Hi.
I’m working with Hailo-8 and experimenting with semantic segmentation models.
I noticed that while some models can be compiled and run at 640 x 640 input resolution, others fail during HEF compilation due to context/mapping issues.
Currently, I’m comparing PIDNet-M and Segformer0/1 models.
What I understand so far (please correct me if wrong)
From my experiments, it seems that:
-
The limiting factor is not host RAM or GPU memory
-
But rather:
-
activation peak size
-
control graph complexity
-
inter-context routing / internal field limits
-
-
Especially models with multi-scale decoder + large concat operations (e.g.
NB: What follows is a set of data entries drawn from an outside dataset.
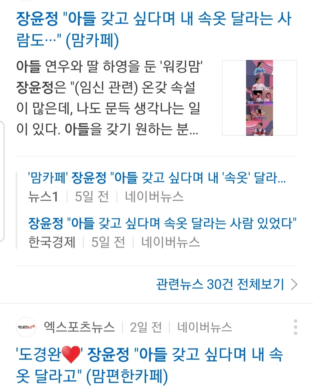 가수 장윤정한테 속옷을 달라고 할 정도로 아들 낳고 싶었던 엄마는 몇 살쯤일까? 그녀에게는 무슨 일이 있었던 것일까? 딸은 이미 있어서 아들을 가져보고 싶었을까? 아니면 아직도 아들 손주 아니면 거들떠보지 않는 시댁 어른이 있는 것일까?
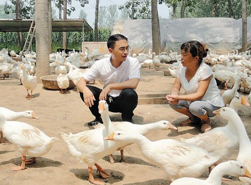 鄧城鎮(zhèn)扶貧干部幫貧困戶養(yǎng)鵝致富
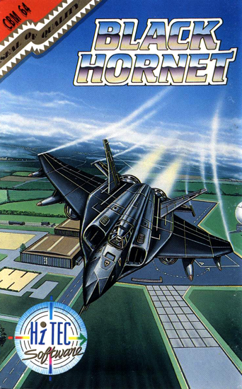 You pilot the Black Hornet, an advanced stealth fighter that can nip in and out without any sound to destroy any enemy. Once again the world is under threat from a madman so it's decided to send in you with the Black Hornet. You will encounter various enemies and ground installations who are hell bent to destroy you. As well as destroying these, buildings and various vehicles can be destroyed as well. Desert, valleys and mountains, sea and space will need to be flown through to complete your mission. Black Hornet is a vertically scrolling shoot-em-up viewed from above. The joystick is used to control your plane while the fire button fires one of various weapons. To select a weapon you press the space bar. You need also to keep an eye on your fuel gauge which slowly empties the further you progress. Along the way you will see an airfield or an aircraft carrier. Pressing forward and fire on the edge of these will allow you to land on them. Be careful though because the enemy can still hurt you. Here you can buy more weapons and even re-fuel. These items cost you points so make sure you blast every thing in sight to boost your score. As well as the main playing area you can also see your lives, score, damage gauge, fuel gauge and weapon selected.
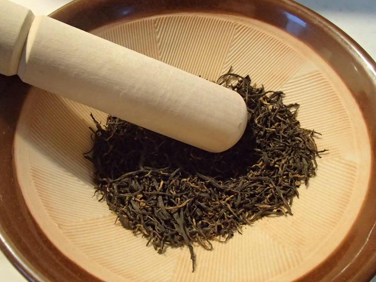 4)紅茶はすり鉢で粉状にします。その紅茶を3に混ぜます。
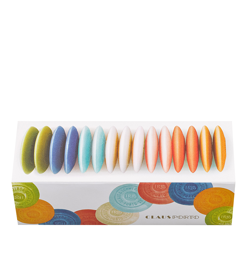 1919年に遡るクラウス ポルトの象徴的な商品のひとつであるカラフルなゲストソープ「IRIS(アイリス)」の復刻版。
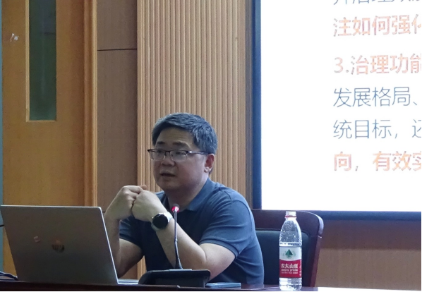章文光教授以乡村治理“自治、法治、德治”的渊源为切入点,理论联系实际,围绕“三治融合”是什么、怎么来、做法经验以及未来趋势四个方面,深入浅出地阐述讲解了乡村治理的历史演进与发展脉络。他指出,党的十九大报告明确提出“加强农村基层基础工作,健全自治、法治、德治相结合的乡村治理体系”,党的二十大报告要求,“在社会基层坚持和发展新时代‘枫桥经验’”(坚持自治、法治、德治“三治融合”是新时代“枫桥经验”的主要路径)。“三治融合”中党组织领导是核心,村民自治是主体,法治、德治是“两翼”,在推动现代化治理体系形成中发挥着重要作用,有助于提升现代化基层治理能力。农村“半熟人社会”的状态、内循环为主的新发展格局、从全面建成小康到全面推进乡村振兴是乡村需要“三治融合”治理的主要原因。他强调,乡村治理体系在在国家历史上是一个动态调整的过程,简要回顾了新中国成立前、社会主义革命和建设时期、人民公社时期等五个阶段国家治理体系的发展历程。随后,章文光聚焦村规民约、乡村事务法治建设、发挥“德治”功能以及借助现代化治理工具等四类典型经验做法,分享了“三治融合”在不同地区、不同领域的具体案例,全方位、多维度地讲解了基层治理问题化解的实践经验。最后,章文光教授简要分析了“三治融合”的未来趋势。
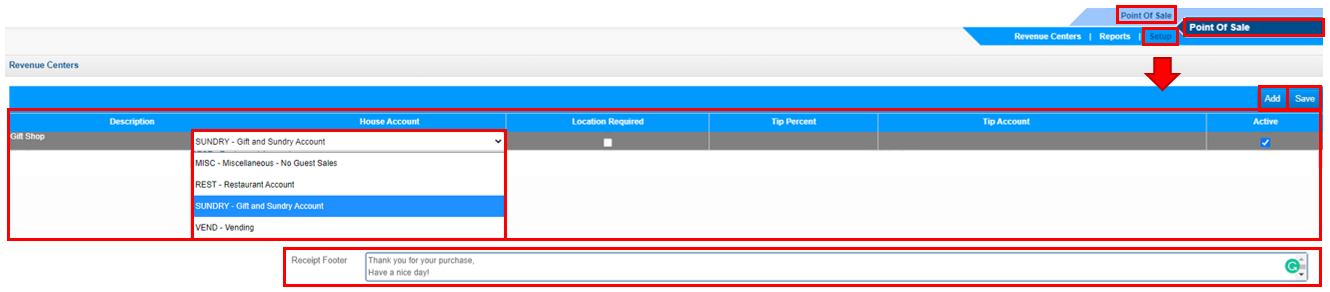Path: Point of Sale > Point of Sale > Setup > Revenue Centers.
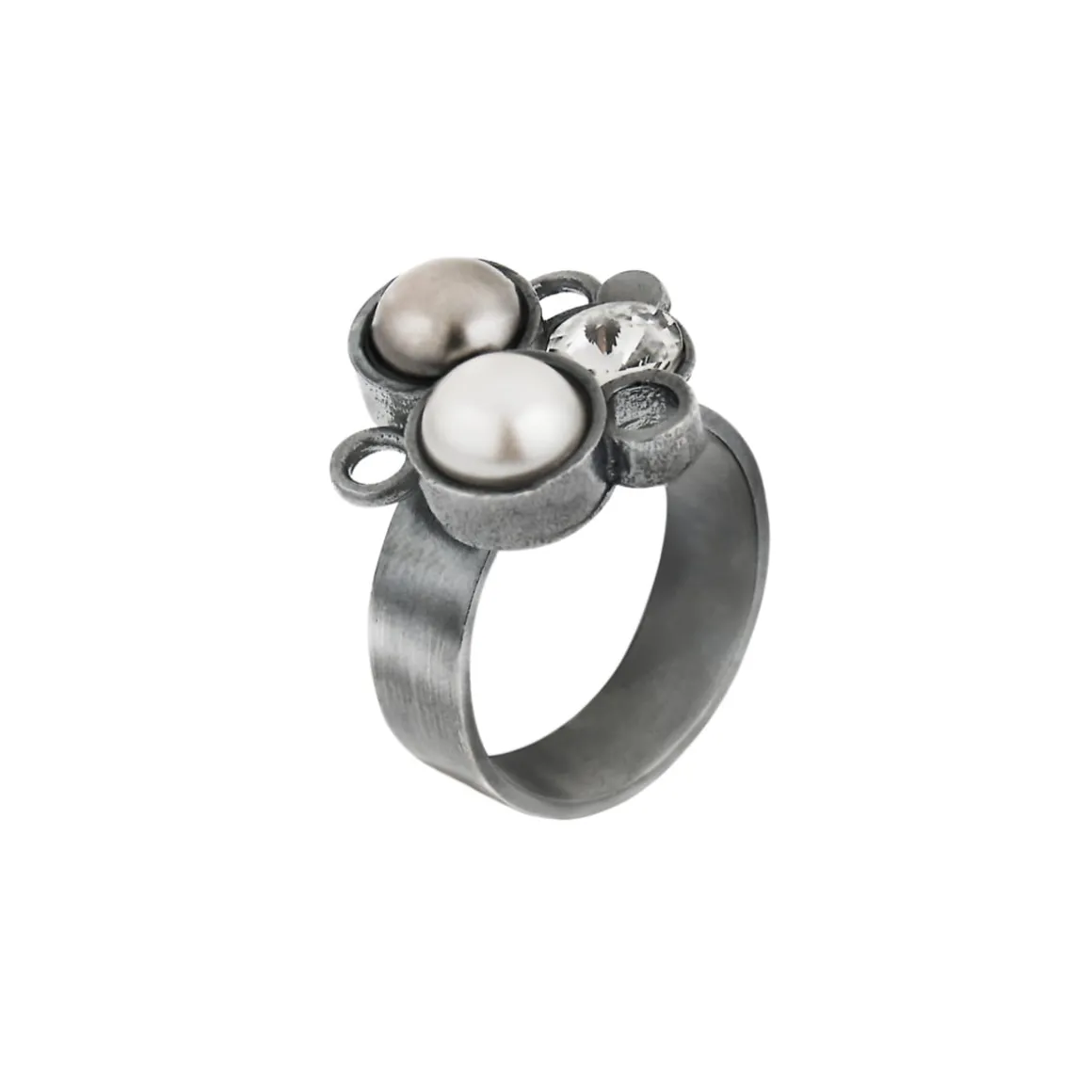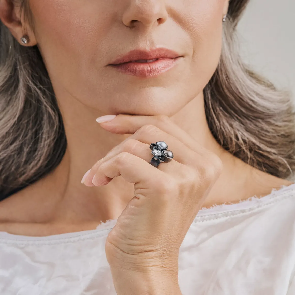 Kolekcja Soda to subtelny flirt klasyki z nowoczesnością. Artystyczny pierścionek został wykonany ręcznie z oksydowanego srebra. Tradycyjną, elegancką obrączkę ubogacono ozdobą wykonaną w technologii druku 3D. Mosiężne bąbelki wypełnione są kryształami i perłami Swarovski Elements, które dodają całości nowoczesnego sznytu. Wyrazista biżuteria będzie idealną ozdobą dla wielbicieli nieoczywistych rozwiązań, spragnionych unikalnych doznań estetycznych.

SegFormer) scale poorly with input resolution
On the other hand, CNN-based models like PIDNet, which use add-based fusion and smaller activation peaks, seem more Hailo-friendly at higher resolutions.
So my question is;
1.Input resolution vs memory allocation
-
How exactly does input resolution affect:
-
on-chip memory allocation
-
control graph size
-
and context partitioning?
-
-
Is the growth closer to linear, quadratic, or model-structure dependent?
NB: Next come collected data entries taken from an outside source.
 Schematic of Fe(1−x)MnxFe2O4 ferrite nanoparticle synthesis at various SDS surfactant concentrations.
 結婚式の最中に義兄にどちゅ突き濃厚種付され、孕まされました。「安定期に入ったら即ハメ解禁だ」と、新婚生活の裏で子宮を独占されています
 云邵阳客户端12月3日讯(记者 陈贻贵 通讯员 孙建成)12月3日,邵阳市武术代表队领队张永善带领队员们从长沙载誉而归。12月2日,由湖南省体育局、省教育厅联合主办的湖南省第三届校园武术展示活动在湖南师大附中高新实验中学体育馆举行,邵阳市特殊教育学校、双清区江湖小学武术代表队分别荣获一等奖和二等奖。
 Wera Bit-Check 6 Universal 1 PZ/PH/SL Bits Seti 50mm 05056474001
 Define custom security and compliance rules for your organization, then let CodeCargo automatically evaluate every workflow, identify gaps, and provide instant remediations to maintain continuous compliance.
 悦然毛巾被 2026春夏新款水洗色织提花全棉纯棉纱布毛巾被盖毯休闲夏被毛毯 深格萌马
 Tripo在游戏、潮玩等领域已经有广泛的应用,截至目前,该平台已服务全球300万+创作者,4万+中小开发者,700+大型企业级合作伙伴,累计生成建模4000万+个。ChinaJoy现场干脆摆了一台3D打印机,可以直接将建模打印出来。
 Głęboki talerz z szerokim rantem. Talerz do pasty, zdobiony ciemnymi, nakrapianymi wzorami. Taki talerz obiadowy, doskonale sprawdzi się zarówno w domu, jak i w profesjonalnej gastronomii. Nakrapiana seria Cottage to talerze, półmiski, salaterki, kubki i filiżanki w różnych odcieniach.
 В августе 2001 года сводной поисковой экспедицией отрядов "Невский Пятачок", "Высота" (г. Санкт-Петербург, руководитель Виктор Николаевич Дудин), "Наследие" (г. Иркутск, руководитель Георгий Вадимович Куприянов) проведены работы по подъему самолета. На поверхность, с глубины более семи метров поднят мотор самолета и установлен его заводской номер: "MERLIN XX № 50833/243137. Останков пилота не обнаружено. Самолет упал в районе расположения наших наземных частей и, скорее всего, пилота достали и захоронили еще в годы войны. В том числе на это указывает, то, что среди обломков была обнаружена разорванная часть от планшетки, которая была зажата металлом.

2.Why 640×640 works for some models but not others
-
Is there a rule of thumb for why PIDNet-M @ 640×640 can sometimes compile,
while SegFormer-B0/B1 cannot, even though parameter counts may be similar? -
Is activation peak size the dominant factor here?
3.Best practices for HEF compilation at higher resolutions
- Are there recommended strategies when trying to push input resolution higher?
4.Does higher resolution affect the inference performance results? If so, how much does it influence the result?